Question about subset of $ \ell^2 $ space

Question

I have some doubts regarding a problem that I found in notes about metric spaces.

We have the set A of sequences that satisfy $ \sum_{i=1}^{\infty} ({a}_{i})^2 \lt \infty $. This is the $ \ell^2$ space. The summation of each squared term of the sequence is a finite number. The metric is defined as $ \sum_{i=1}^{\infty} (({a}_{i} - {b}_{i})^2)^{1/2} $

The first part of the problem is : If we take the set of sequences $ X= \{ (1,0,0,…,0,0…); (0,1,0,0,…0,…); … ; (0,0,0,…,1,0,…);… \} $, we need to show that X belongs to $ \ell^2 $

Unless I am missing something, it seem pretty trivial : We need to show that, since any sequence in X has only one non zero term, the summation of only one non zero term squared ($1^2$) is finite.
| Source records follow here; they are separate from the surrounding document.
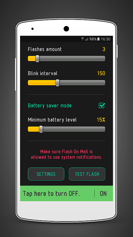 Upewnij się, że lampy błyskowej Poczta może używać powiadomień systemowych!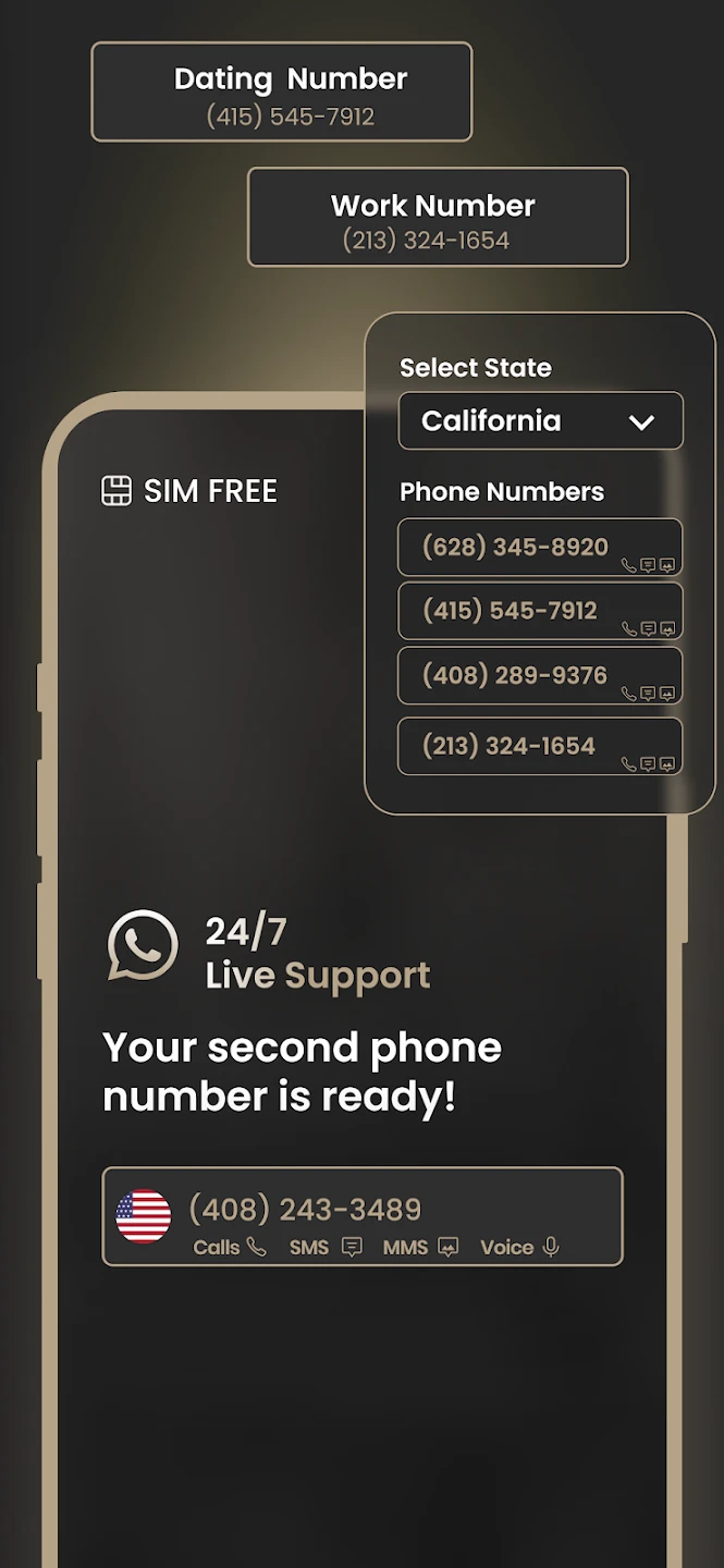 - Global Number Pool Access: Seamlessly discover and select virtual phone numbers available from various global carriers. This saves you the hassle of international roaming and ensures you have a local number wherever you are, making calls and receiving messages locally.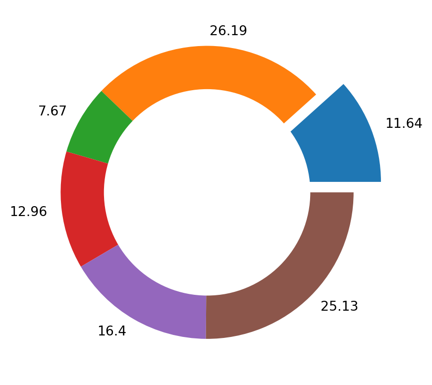 explode = (0.2, 0, 0, 0, 0, 0)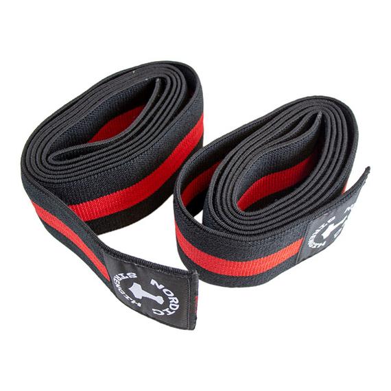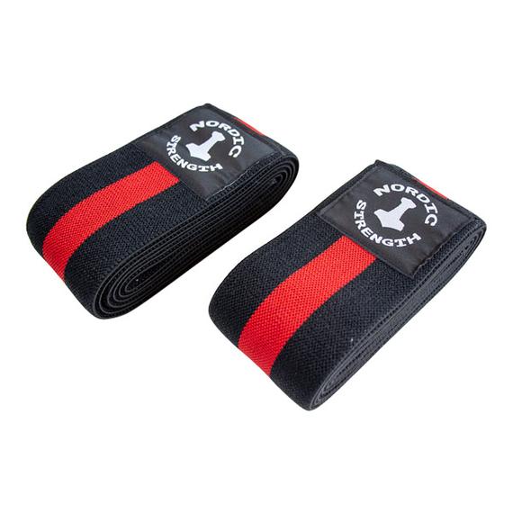 Bestil vores Knæbind uden velcro, sort-rød, 2 m pr. stk. (par) i dag til lav pris og få bedre støtte under din styrketræning!
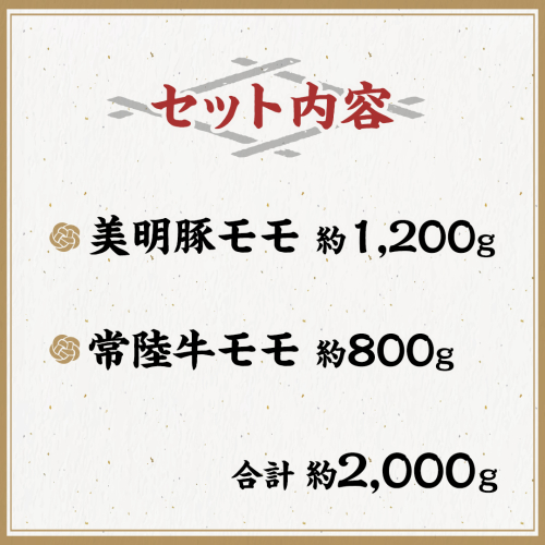 美明豚 × 常陸牛 スライス 約2kg セットB 【茨城県共通返礼品/行方市】 ブランド豚 しゃぶしゃぶ SPF 豚肉 モモ [DS005sa]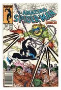 Tags: Spider-Man$145.00Newsstand Edition. "Survival of the Hittist!" Part 2 of 2. Script by David Michelinie. Pencils by Todd McFarlane. Inks by Bob McLeod. Cover by Todd McFarlane. After their waterfront arms theft goes awry, the Life Foundation turns the tables on Chance! The mysterious survivalist group abducts the mercenary and takes him to their secret headquarters in northern New Jersey! But thanks to a well-placed spider tracer, the web-slinger infiltrates the foundation's secluded colony the next day...and rescues Chance! So now the adversaries of 24 hours ago suddenly become allies to avoid death...courtesy of the Life Foundation! First appearance (and cameo on the last page) by Venom. Cameo appearances by Eddie Murphy, Paul Schaffer, and Joe Robertson. Last 75¢ issue. 36 pages, full color. (Note: Chance returns in Amazing Spider-Man 336.) Cover price $0.75.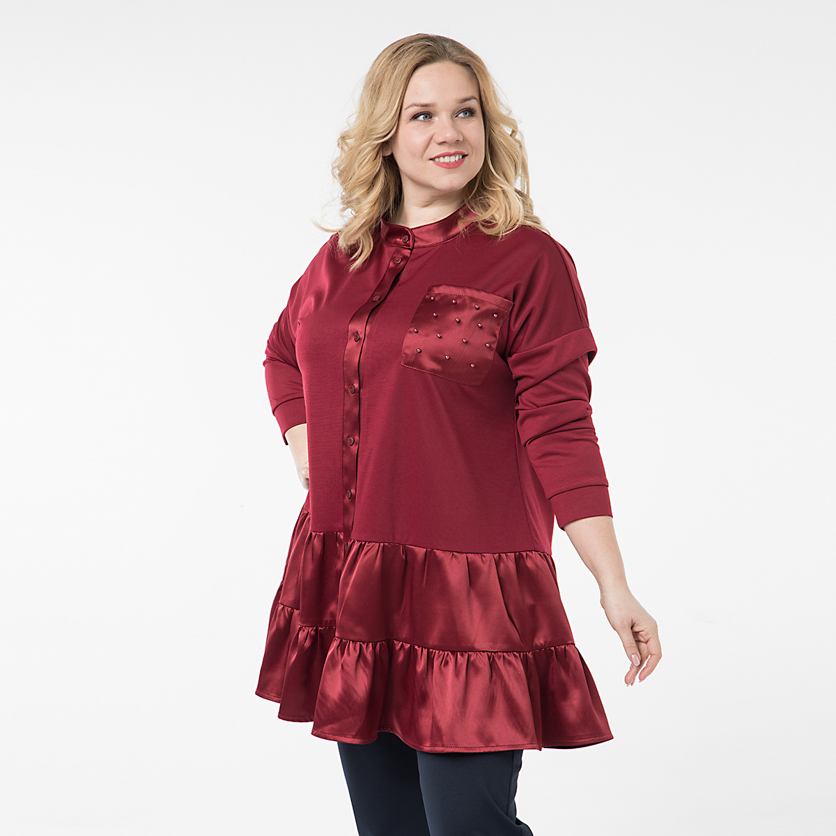 ст. цена1400руб.! Туника, шифоновое полотно, бордовый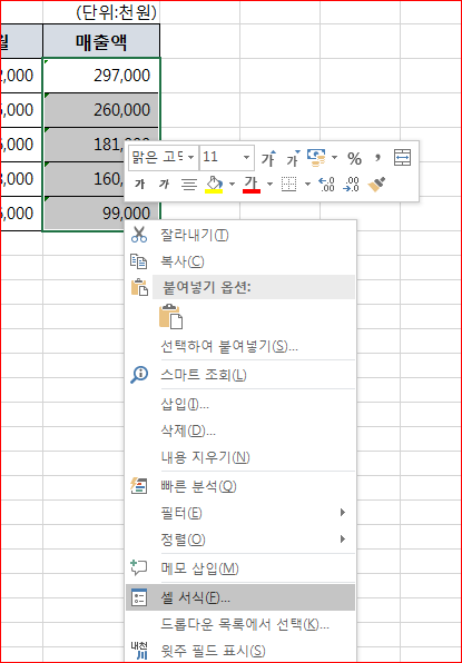 마우스오른쪽 눌러 메뉴가 나타나면 셀서식을 클릭합니다.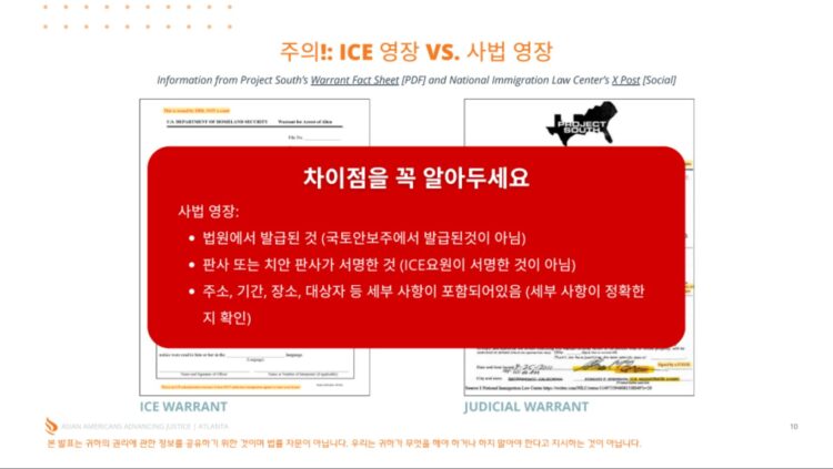 발표자로 나선 제임스 우 AAAJ 대외협력부장은 ICE의 역할과 단속 방식을 설명했다. ICE는 표식 없는 차량과 사복을 사용하며, FBI나 지역 경찰 등을 사칭할 수 있다. 우 부장은 “조지아 주의 HB1105 법안으로 경찰과의 접촉이 ICE 접촉으로 이어질 가능성이 높아졌으며, 테네시와 앨라배마 등 인근 주에서도 유사 정책이 시행 중”이라고 전했다.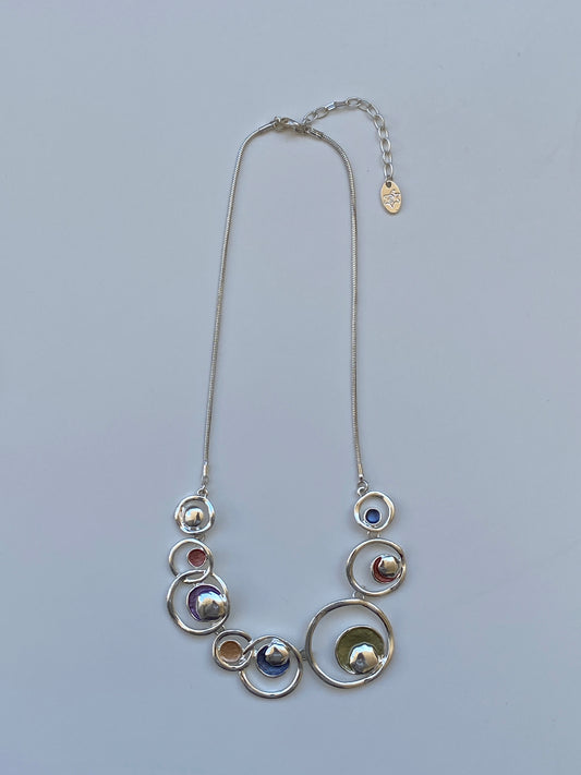 Vintage 2000s Silver Tone Abstract Circle Statement Multicolor Inlay Necklace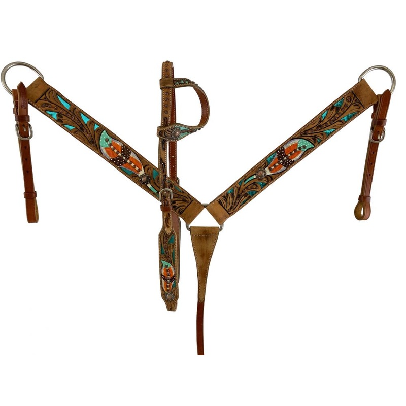 Showman Hand Painted Feather Design One Ear Headstall and Breast collar Set. This set features a medium colored leather with hand painted feather design throughout with a floral tooling. The Breastcollar has a metallic teal inlay to set off the painted des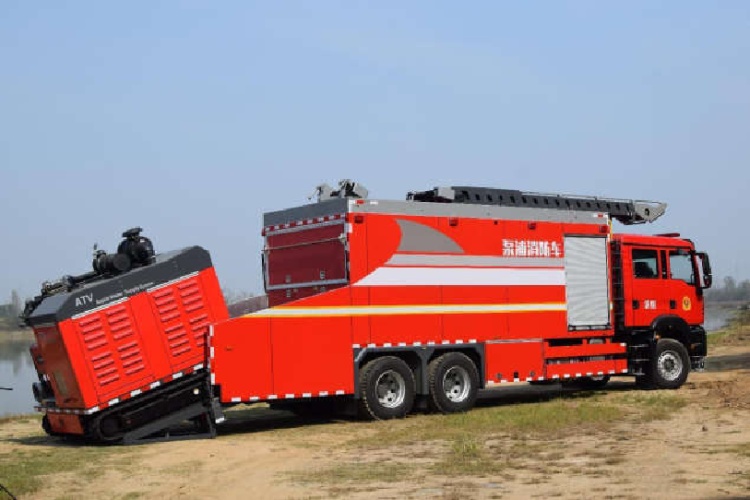 JDF5110TXFDF10/Z6水帶敷設(shè)消防車又叫管線車。由器材箱、水帶箱、水帶敷設(shè)機(jī)和 ATV 履帶式自行式供水排水機(jī)器人幾大部分組成,系統(tǒng)主要應(yīng)用于富水地區(qū)中型或大型火災(zāi)的火場(chǎng) 1000 米范圍內(nèi)、道路距水源在 30 米以內(nèi)的快速取水和快速供水。
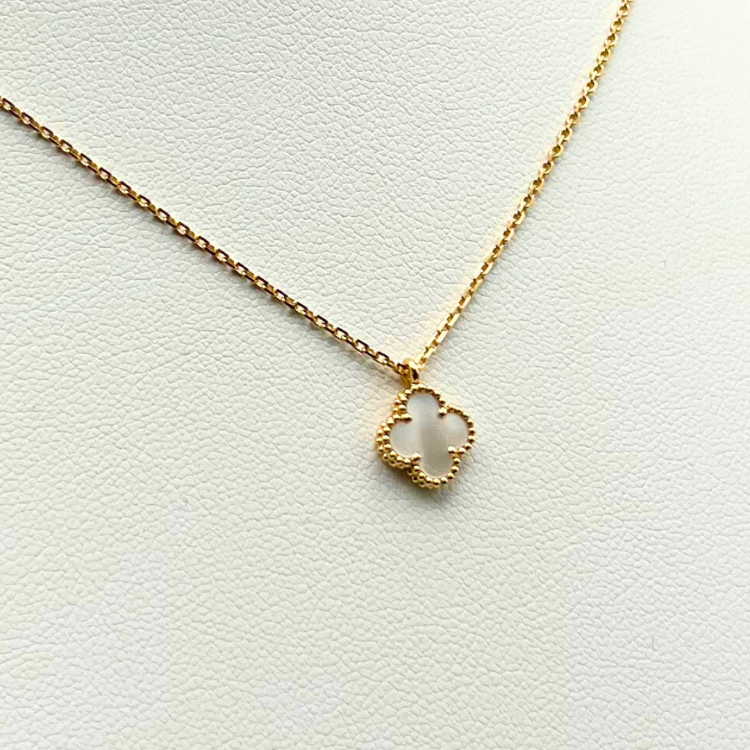 This Van Cleef & Arpels Sweet Alhambra Pendant Mother-Of-Pearl 18K Yellow Gold is made of solid 18K Yellow Gold & Natural Mother-Of-Pearl Fragment.

The second part is : To show that X is bounded and closed, but not compact in $ \ell ^2 $ . Here I am more doubtful , but I try :

1. Boundedness : We know that the distance of any element of X is either zero or $\sqrt 2$. So there is a $ r \gt 0$ such that for every element $x,y \in X \space , d(x,y) \lt r$ . Therefore X is bounded
2. Closedness : Since the set X is a sphere with radius $ \sqrt 2 $, X is closed (I know this is true but I dont know the justification, so I would appreciate help here)
3. Compactness : Here I dont know how to show that X is not compact. I would appreciate some insight.

Thanks to all!

Answer 1

Hint:

1. Boundedness is clear since $\|\mathbf{e}_n\|_2=1$ for all $n$

2. As for closeness, notice that if $\mathbf{e}_{n_k}\xrightarrow{k\rightarrow\infty}\mathbf{x}$, then $\{\mathbf{e}_{n_k}:k\in\mathbb{N}\}$ is a Cauchy sequence. For $0<\varepsilon<1$, there is $K_0$ such that for $k',k\geq K_0$, $$\|\mathbf{e}_{n_k}-\mathbf{e}_{n_{k'}}\|_2<\varepsilon$$ Since $\|\mathbf{e}_{n}-\mathbf{e}_{m}\|_2=\sqrt{2}>1$ for all $m\neq n$, it follows that $\mathbf{e}_{n_k}=\mathbf{e}_{n_{K_0}}$ for all $k\geq K_0$. Therefore $\mathbf{x}=\mathbf{e}_{n_{K_0}}$. This proves that $\{\mathbf{e}_n:n\in\mathbb{N}\}$ is closed.

3. Lack of compactness can be proved as in (2). Another way to see this is to consider the open cover $\{B(\mathbf{e}_n;\tfrac{\sqrt{2}}{2}):n\in\mathbb{N}\}$, where $B(\mathbf{y};r)=\{\mathbf{z}\in\ell_2: \|\mathbf{y}-\mathbf{z}\|_2<r\}$. This open cover has no finite subcover.

Answer 2

Showing $X$ is in your space is indeed that trivial Bounded=it fits inside a sphere around a point, here every point is ON the sphere around $0$ of radius $\sqrt 2$, so it sits in any bigger sphere.

For closed, your points are all a fixed discrete distance apart from each other. So imagine you have a convergent sequence from $X, a_n$. That means you can pick an $\epsilon$ that eventually all the points are that close to its limit, whatever that limit is. So pick $\epsilon=.1$, or something else sufficiently small to use the triangle inequality to show that from some $N$ on the sequence is constant. That tells you the limit is that constant point, and hence in the space.

To show it is not compact, just show an infinite open cover with no finite subcover. Hint: Since your distinct points are all $\sqrt 2$ apart, make each one a member of its own open set and no other, thus there can be no finite subcover.

Edited to include the basic topological insight: Basically if you look at the induced topology on $X$ you are getting an infinite discrete metric space. The proofs for everything are identical for any infinite discrete metric space.